Famed investor Michael Burry issued a stark warning to investors on Tuesday, stating the current stock market, fueled by a speculative AI rally, "is feeling like the last months" of the dot-com bubble. His comments came as the S&P 500 and Nasdaq Composite hovered at record highs, creating a sharp divide between bearish warnings and bullish momentum.
"Stocks are not up or down because of jobs or consumer sentiment," Burry wrote in a social media post. "They are going straight up because they have been going straight up. On a two letter thesis that everyone thinks they understand."
The warning is backed by a rare technical divergence flagged by other strategists. Peter Boockvar of Bleakley Financial Group noted that the S&P 500 hitting a record high while 5% of its components fell to 52-week lows is a phenomenon that has occurred only three other times in history: July 1929, January 1973, and December 1999. Still, bulls argue that today's valuations are more grounded. Evercore ISI's Julian Emanuel points out that while it "Feels Like 1999," the "AI Class of 2026" trades at a median price-to-earnings multiple of 39x, a fraction of the 152x seen in the dot-com era.
The debate exposes the core tension facing investors: whether the powerful AI narrative is a solid foundation for future growth or simply a catalyst for a speculative bubble. A sell-off in growth and tech stocks could accelerate if more investors adopt Burry's cautious stance, while a continued rally could force bears to capitulate.
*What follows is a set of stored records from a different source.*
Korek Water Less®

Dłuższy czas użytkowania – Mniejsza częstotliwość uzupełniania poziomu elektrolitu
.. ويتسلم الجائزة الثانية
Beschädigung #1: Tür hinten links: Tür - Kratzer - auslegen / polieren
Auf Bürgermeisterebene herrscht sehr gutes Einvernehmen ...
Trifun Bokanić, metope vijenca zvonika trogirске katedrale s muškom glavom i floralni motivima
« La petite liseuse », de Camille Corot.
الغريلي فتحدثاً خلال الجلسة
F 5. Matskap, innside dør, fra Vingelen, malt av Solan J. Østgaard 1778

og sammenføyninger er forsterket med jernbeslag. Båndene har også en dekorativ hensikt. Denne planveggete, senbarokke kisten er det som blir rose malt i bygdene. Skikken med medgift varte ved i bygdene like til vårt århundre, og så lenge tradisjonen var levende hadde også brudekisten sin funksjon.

The market's direction may depend on whether the earnings of mega-cap tech companies can justify the ongoing enthusiasm.
Burry, who rose to fame by betting against the subprime housing market and was profiled in "The Big Short," has become a frequent market bear, even admitting he has "become the boy who cried wolf." His latest warning centers on the Nasdaq 100, which has been the primary beneficiary of the investor frenzy around Artificial Intelligence.
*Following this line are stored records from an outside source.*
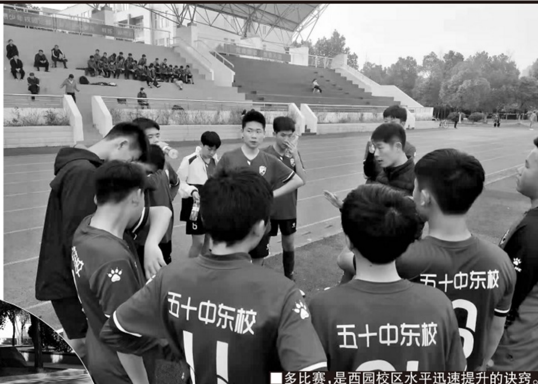
■多比赛，是西园校区水平迅速提升的诀窍。
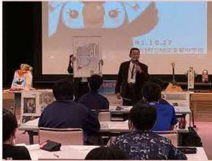
続いては、元島民による語り部の様子です。当時の様子や交流事業について、紙芝居を通して楽しく説明していただきました！
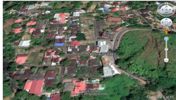
.Gambar 2. Lokasi Penelitian

Lokasi Penelitian bertempat di Perumahan Puri Alfa Mas Winangun Atas Kabupaten Minahasa, Sulawesi Utara.
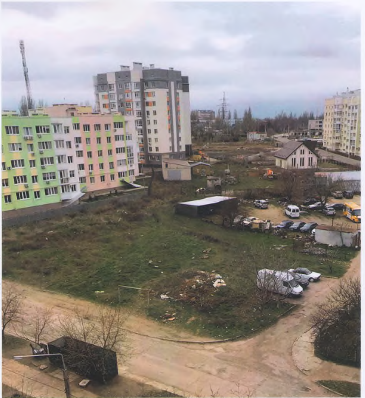
Додаток 4 - Вигляд земельної ділянки зараз
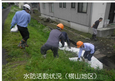
水防活動状況（横山地区）
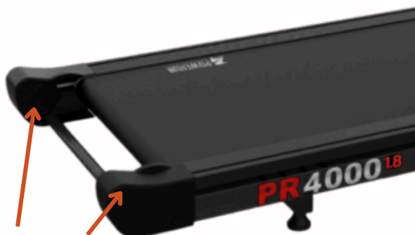
Parafusos de Regulagem da lona
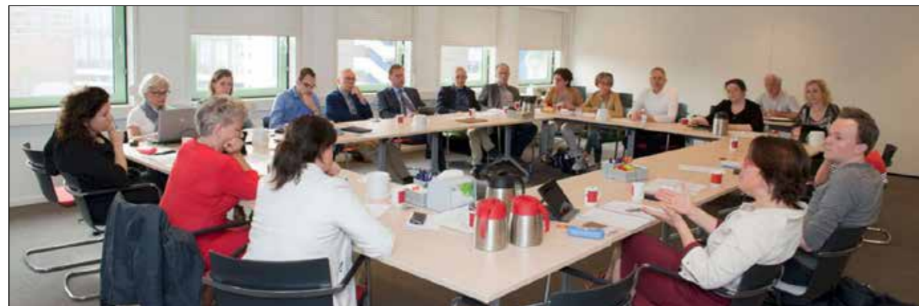
Kennisgroep Aantoonbaar Vorbereid in vergadering.
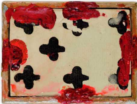
Kuva 5: Kääntöpuolella tukena pelikortti. Henry Lönnforsin miniatyyrikokoelma, Turun taidemuseo. Kuva lehdistökuvana.
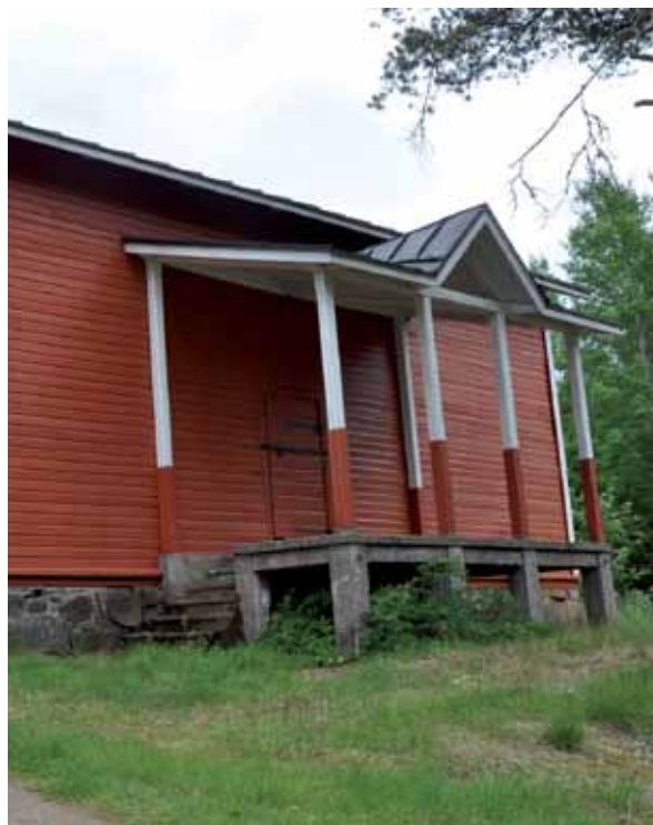
Sippolan viljamakasiini.
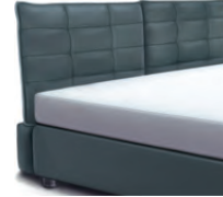
1858 Höhe 106 cm *
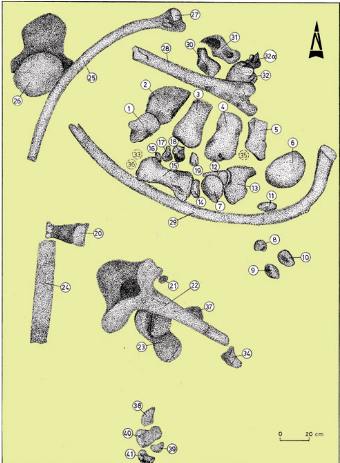
Επιπέδωση του οστέινου σκελετού του ελέφαντα (Lopholophus) που βρέθηκε στο σπήλαιο του Γρεβενού. Ο αριθμός των οστών είναι ο ίδιος με τον αριθμό των οστών που φαίνονται στην εικόνα.
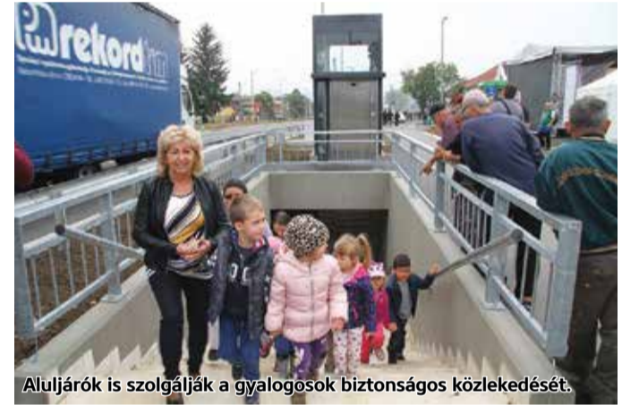
Aluljárók is szolgálják a gyalogosok biztonságos közlekedését.
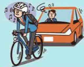
イヤホン等使用運転
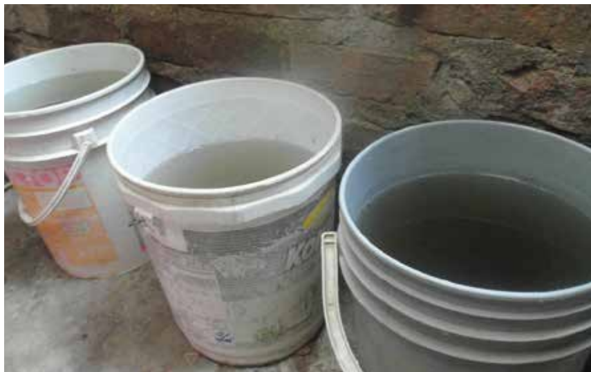
Las aguas estancadas son potenciales criaderos de zancudos. Las campañas de prevención reiteran la importancia de eliminar esos reservorios.

La Secretaría de Salud Departamental ha hecho campañas de prevención para impedir que en las casas o barrios se formen criaderos de zancudos, informando que es necesario evitar mantener aguas estancadas en recipientes y realizar una limpieza semanal en los tanques de los lavaderos. “Exterminar a los zancudos no es solo fumigar, también se requiere que la comunidad tome conciencia de la limpieza

While Burry remains bearish, some analysts argue for a more nuanced approach. They see a bifurcation in the market, with some semiconductor stocks appearing "overheated" while large-cap tech companies with tangible AI monetization stories remain reasonably valued. 24/7 Wall St. contributor Joey Frenette pointed to Alphabet (GOOG), with a P/E multiple below 30, and Microsoft (MSFT), with a trailing P/E of 24.6, as "relative value plays" that contrast with the froth seen elsewhere.
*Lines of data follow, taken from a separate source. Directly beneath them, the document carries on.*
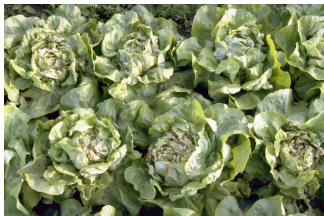
Abb. 2: Übermässig mit Stickstoff versorgte Salatkulturen sind sehr wüchsig und deutlich anfälliger für Innenbrand bzw. Randen.

Im Herbst im Oberboden noch vorhandener Stickstoff (N) wird im Laufe des Winters in tiefere Schichten, ausserhalb der Reichweite der Pflanzenwurzeln, verlagert. In Flächen, auf denen im Herbst noch eine Spätbegrünung steht, wird deutlich weniger Reststickstoff ausgewaschen. Dieser ist jedoch zu einem grossen Teil vorübergehend in der noch nicht abgebauten Pflanzenmasse der Winterbegrünung festgelegt und steht den ersten Kulturen zu Vegetationsbeginn kaum zur Verfügung. Ausserdem setzt die N-Nachlieferung durch Mineralisierung von organischer Bodensubstanz bei den noch tiefen Bodentemperaturen erst verzögert ein. Frühkulturen sind daher auch auf eine bedarfsgerechte N-Zufuhr über die Düngung angewiesen. Anders sieht die Versorgungslage mit Stickstoff bei den im weiteren Jahresverlauf nachgebauten Kulturen aus.
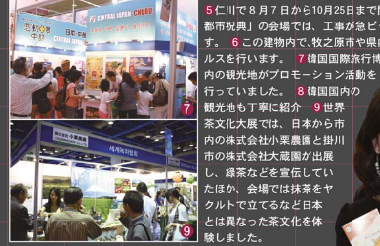
5仁川で8月7日から10月25日まで開催される「仁川国際都市祝典」の会場では、工事が急ピッチで進められています。6この建物内で、牧之原市や県内の市町がシティセールスを行います。7韓国国際旅行博覧会会場では、日本国内の観光地がプロモーション活動を行っています。8韓国国内の観光地も丁寧に紹介。9世界茶文化大展では、日本から市内の株式会社小栗農園と掛川市の株式会社大蔵園が出展し、緑茶などを宣伝していたほか、会場では抹茶をヤクルトで立てるなど日本とは異なった茶文化を体験しました。
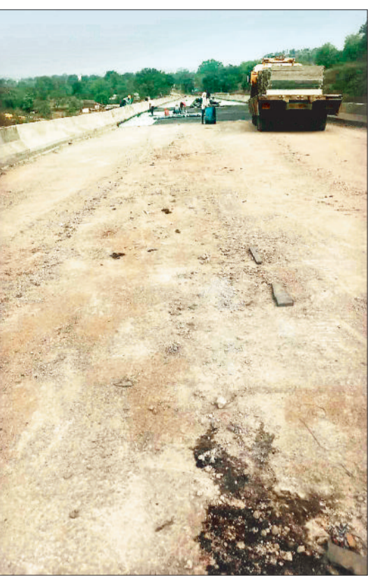
बायोडक्ट के पास की अधूरी सड़क।

एनएच 43 स्थित लुचकी घाट के खतरनाक मोड़ों से मुक्ति दिलाने के उद्देश्य से बनाए जा रहे बायोडक्ट का निर्माण एक साल से चल रहा पुल निर्माण
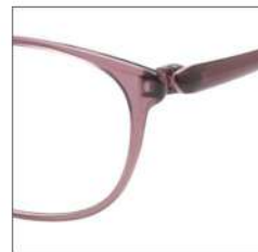
No.2 F:グレイッシュピンク T:グレイッシュピンク /スモークピンク
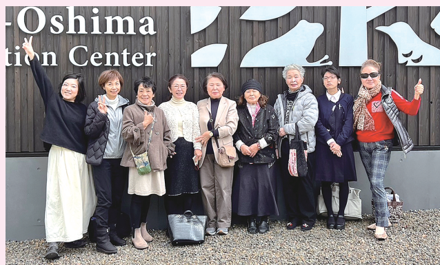
令和6年3月8日（金）奄美大島世界遺産センター「奄美大島商工会議所女性会研修会」

今年度も引き続き、各種事業を通して会員相互の交流や調和を図り、組織運営を強化しつつ、心豊かな地域社会の実現に向けて活動を行ってまいります。

This view is supported by a record earnings season that has seen strategists like Ed Yardeni raise their S&P 500 targets, citing an "earnings-led melt-up." The market's historic run has been accompanied by a rise in the 10-year Treasury yield and a stable U.S. dollar, suggesting the rally has fundamental support for now. However, the divergence between the headline indices and the health of their underlying members remains a key concern for bears, who see the same cracks that appeared before prior market tops.
This article is for informational purposes only and does not constitute investment advice.